Emerson on Hurumzi, not far from Emerson Spice, is “a fascinating labyrinth of small bridges, swings, private tea houses and large, spacious individually designed rooms.” Here too each room has a theme, from the Keep Suite, reached by a castle-inspired series of bridges and stairs, to the Seyyed room, a reflection of the stately lifestyle of a sultan, with royal seal bedcovers and furniture draped in Omani red and gold.
But these hotels are anything but art pieces. Whether you’re en route to a safari or to one of East Africa’s most illustrious beaches, if you come to Stone Town, even if you’re not staying at one of the Emerson hotels, you’ll likely find yourself within one — their celebrated restaurants grace every guide to this place. Here, local culture is hand-fed by servers in traditional kanzus and skullcaps, who share expert knowledge on tea production while balancing large brass platters in one hand and jugs of cleansing rosewater in the other.

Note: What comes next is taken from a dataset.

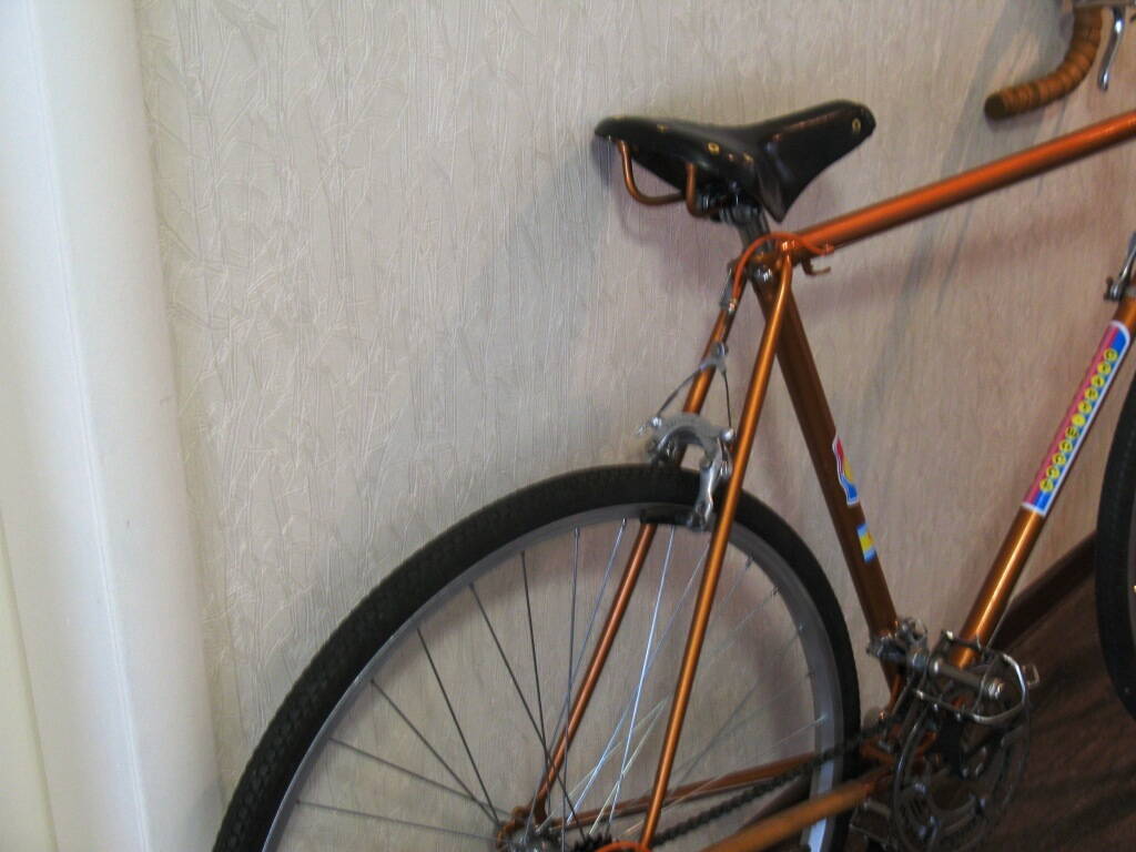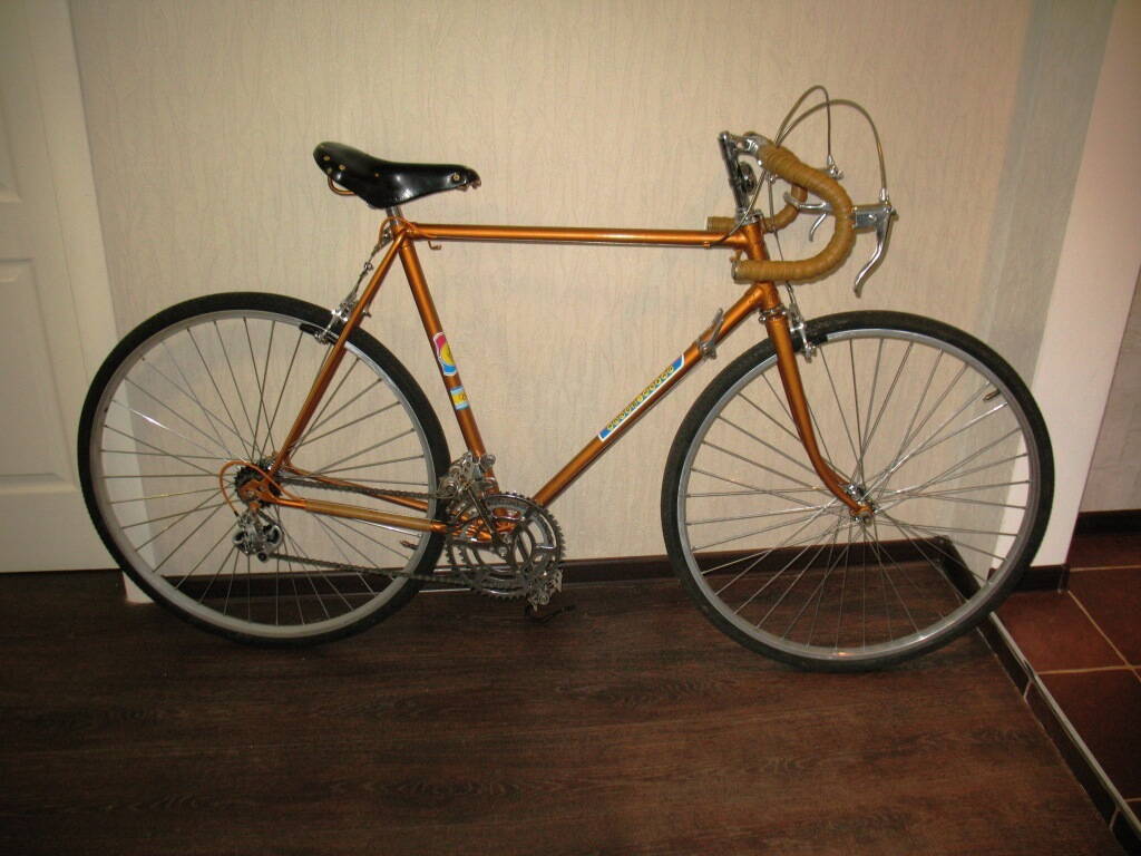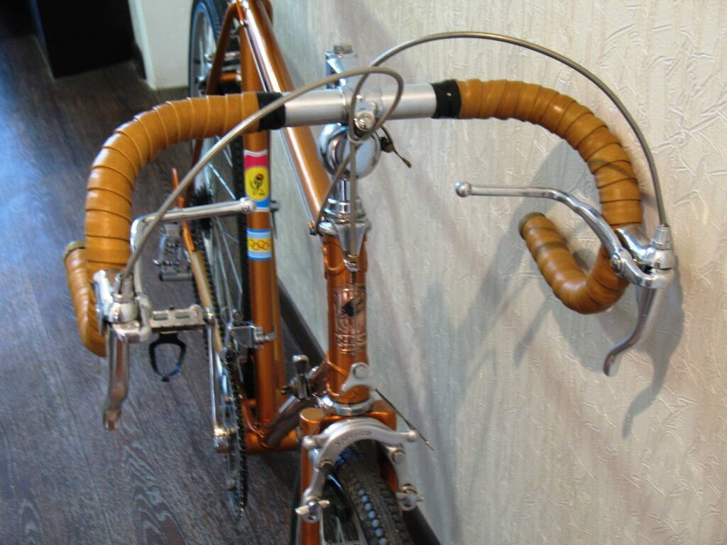 Ну собственно вот.Итог сочинения на тему "Как я провёл зиму".Пока на родных колёсах, ибо брать новые "жаба душит" а из бэушных не подберу пару к хорошему переднему с разборки итальянского шоссера. Предворяя желающих высказаться по поводу винтов седла-"я знаю что вы можете мне сказать, а некоторые даже знают, что я могу ответить" :D , других не нашёл.Голые оплётки тормозных тросиков-это не ошибка и не экономия-это моё представление о прекрасном :smile: .Они даже отхромированы.А рыжей оплётки я взял с запасом и поменять можно всегда, при желании.

At both Emersons, a rooftop Tea House serves drinks and dinner. One features a daily five-course seafood tasting menu. The other offers Swahili-style seating on thick Persian rugs, serving traditional fare alongside live music. At Emerson Spice, the Secret Garden restaurant is surrounded by stone walls and endless greenery.
Both hotels exist in the heart of Stone Town, “surrounded by mosques and the regular daily rhythms of the call to prayer, local shops and stalls,” as the manager explains. “In the midst of the life of the local community.”
You might hear the sounds of the town through the breezy wooden panels of your room, but when it comes to immersion in the culture you’ll have to do better than that. The hotels work with specific guides to bring you around the town and put the architectural landscape into context. They provide excursions to spice farms, or dhow boat cruises along the ocean. They even have an in-house museum, the Princess Salme Museum at Emerson on Hurumzi, a perfect compliment to the local music at the Secret Garden of Emerson Spice every Friday.
“In short,” the hotel tells Tablet, “Emerson Zanzibar is a base from which Zanzibar can be explored in all its facets.” In a place like this, that’s no minor feat.